*** STORED DATA Section Begins ***

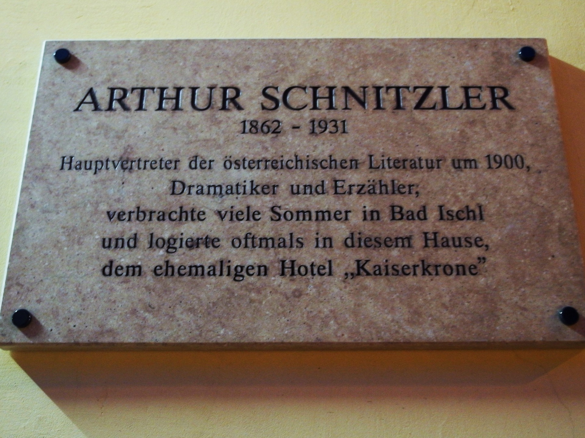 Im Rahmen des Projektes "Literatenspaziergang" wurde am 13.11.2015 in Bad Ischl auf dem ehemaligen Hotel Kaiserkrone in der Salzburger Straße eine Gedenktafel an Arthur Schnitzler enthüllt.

*** STORED DATA Section Ends ***
*** STORED DATA Section Begins ***

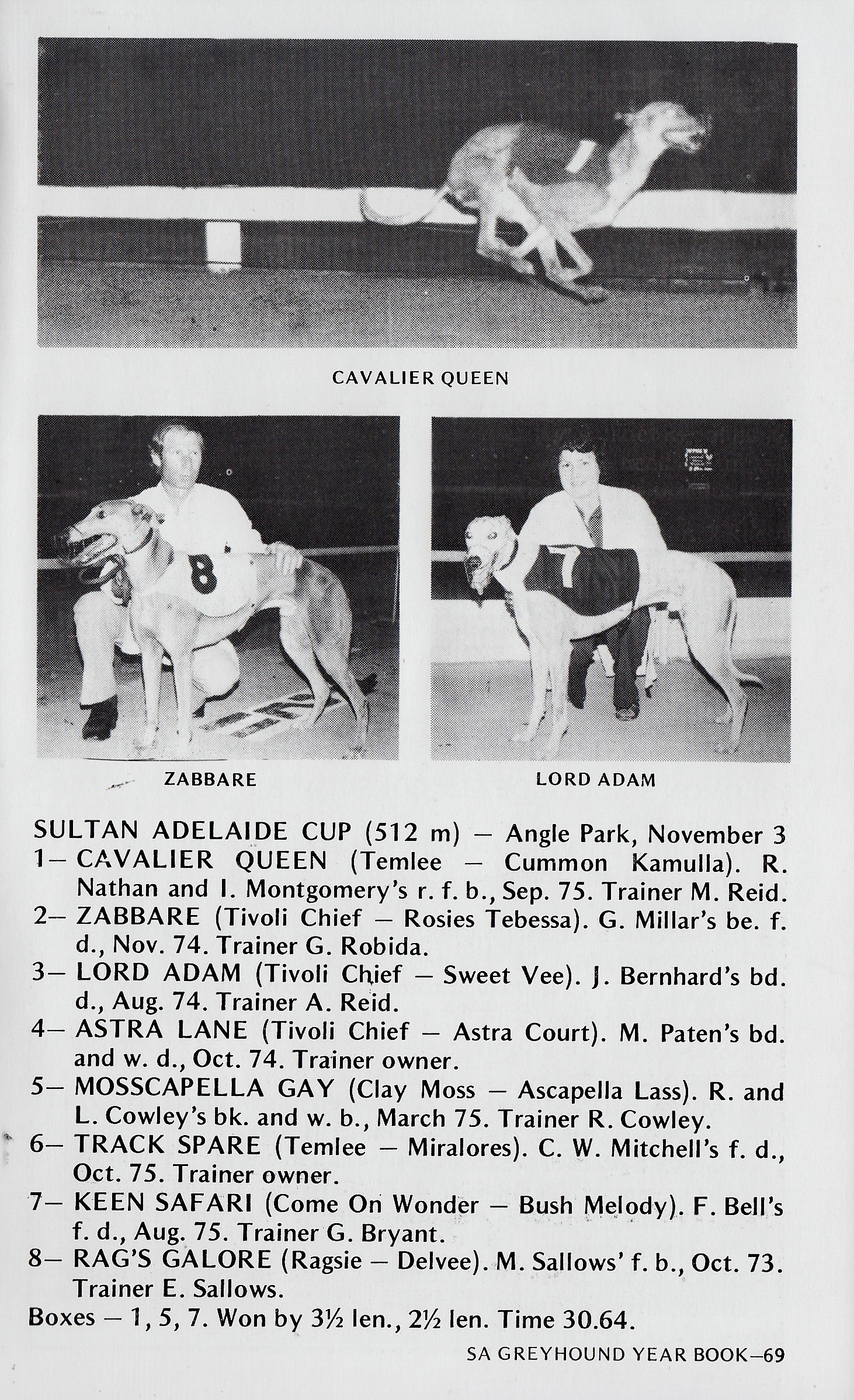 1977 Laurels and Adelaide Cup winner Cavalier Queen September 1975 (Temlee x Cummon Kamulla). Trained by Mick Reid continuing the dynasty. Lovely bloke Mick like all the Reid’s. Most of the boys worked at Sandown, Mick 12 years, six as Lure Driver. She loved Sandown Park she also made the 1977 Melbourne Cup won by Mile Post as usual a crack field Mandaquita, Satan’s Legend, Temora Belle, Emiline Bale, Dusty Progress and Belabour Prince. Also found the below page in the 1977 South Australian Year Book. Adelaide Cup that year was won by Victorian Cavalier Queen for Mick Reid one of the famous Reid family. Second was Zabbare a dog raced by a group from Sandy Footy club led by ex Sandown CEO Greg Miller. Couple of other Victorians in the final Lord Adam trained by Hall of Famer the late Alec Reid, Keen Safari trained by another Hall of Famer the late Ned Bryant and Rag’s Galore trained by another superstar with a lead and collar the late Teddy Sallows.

*** STORED DATA Section Ends ***
*** STORED DATA Section Begins ***

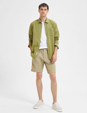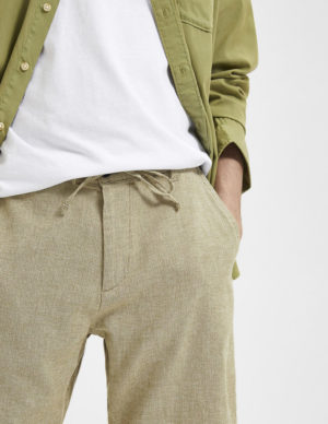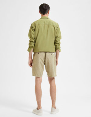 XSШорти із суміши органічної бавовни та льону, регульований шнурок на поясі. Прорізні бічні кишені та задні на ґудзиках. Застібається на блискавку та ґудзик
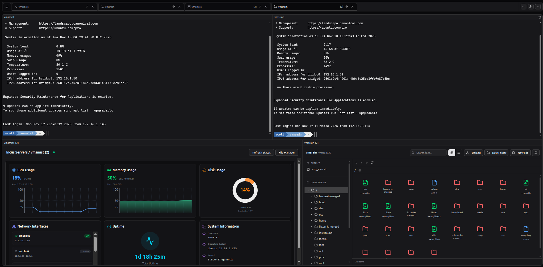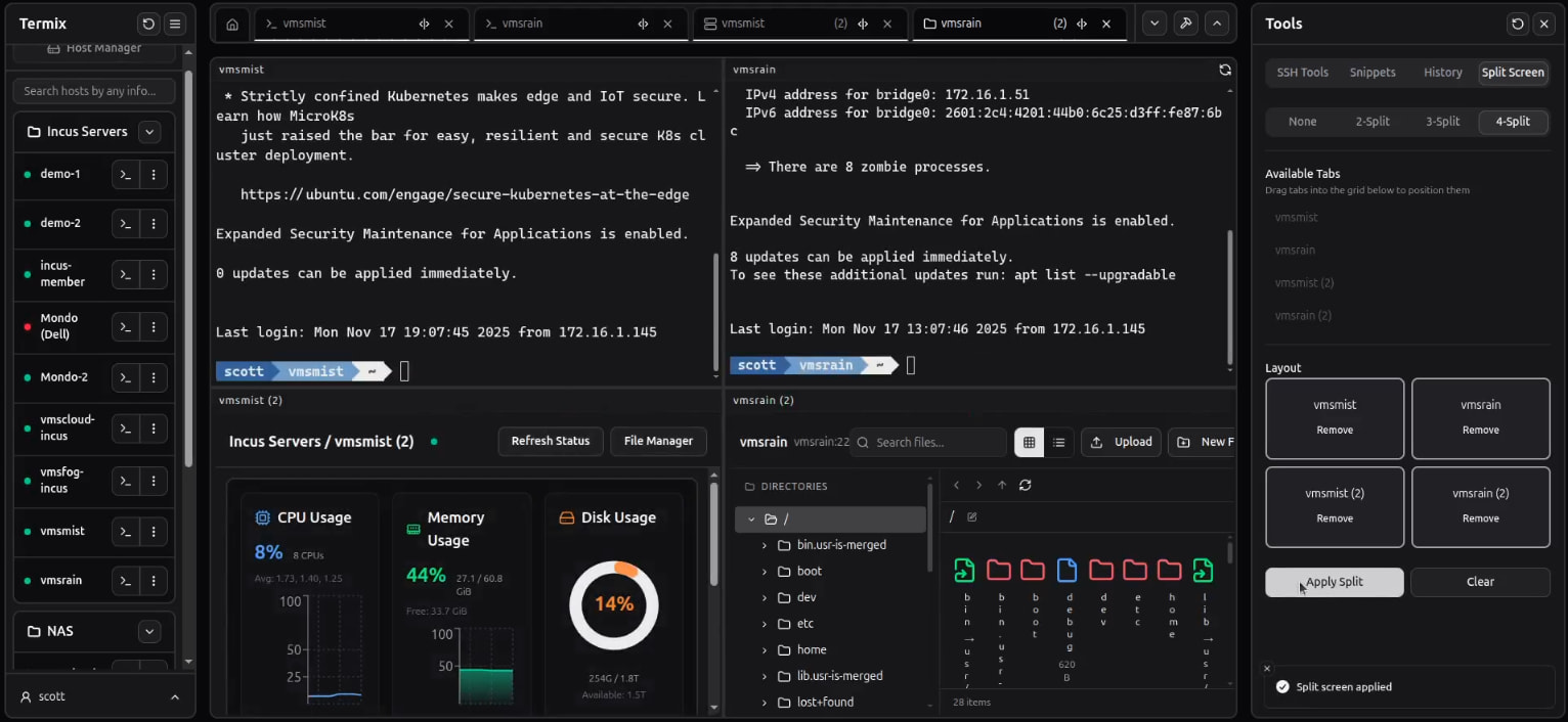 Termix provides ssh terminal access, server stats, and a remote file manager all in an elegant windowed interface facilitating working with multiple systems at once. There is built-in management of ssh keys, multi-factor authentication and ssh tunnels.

*** STORED DATA Section Ends ***

**WHAT IS REQUIRED:** Write out word for word the lines above that run from the one with "XSШорти із суміши" to the one with "Termix provides ssh". Include both end lines; exclude the images.

**REPLY:**
 XSШорти із суміши органічної бавовни та льону, регульований шнурок на поясі. Прорізні бічні кишені та задні на ґудзиках. Застібається на блискавку та ґудзик
 Termix provides ssh terminal access, server stats, and a remote file manager all in an elegant windowed interface facilitating working with multiple systems at once. There is built-in management of ssh keys, multi-factor authentication and ssh tunnels.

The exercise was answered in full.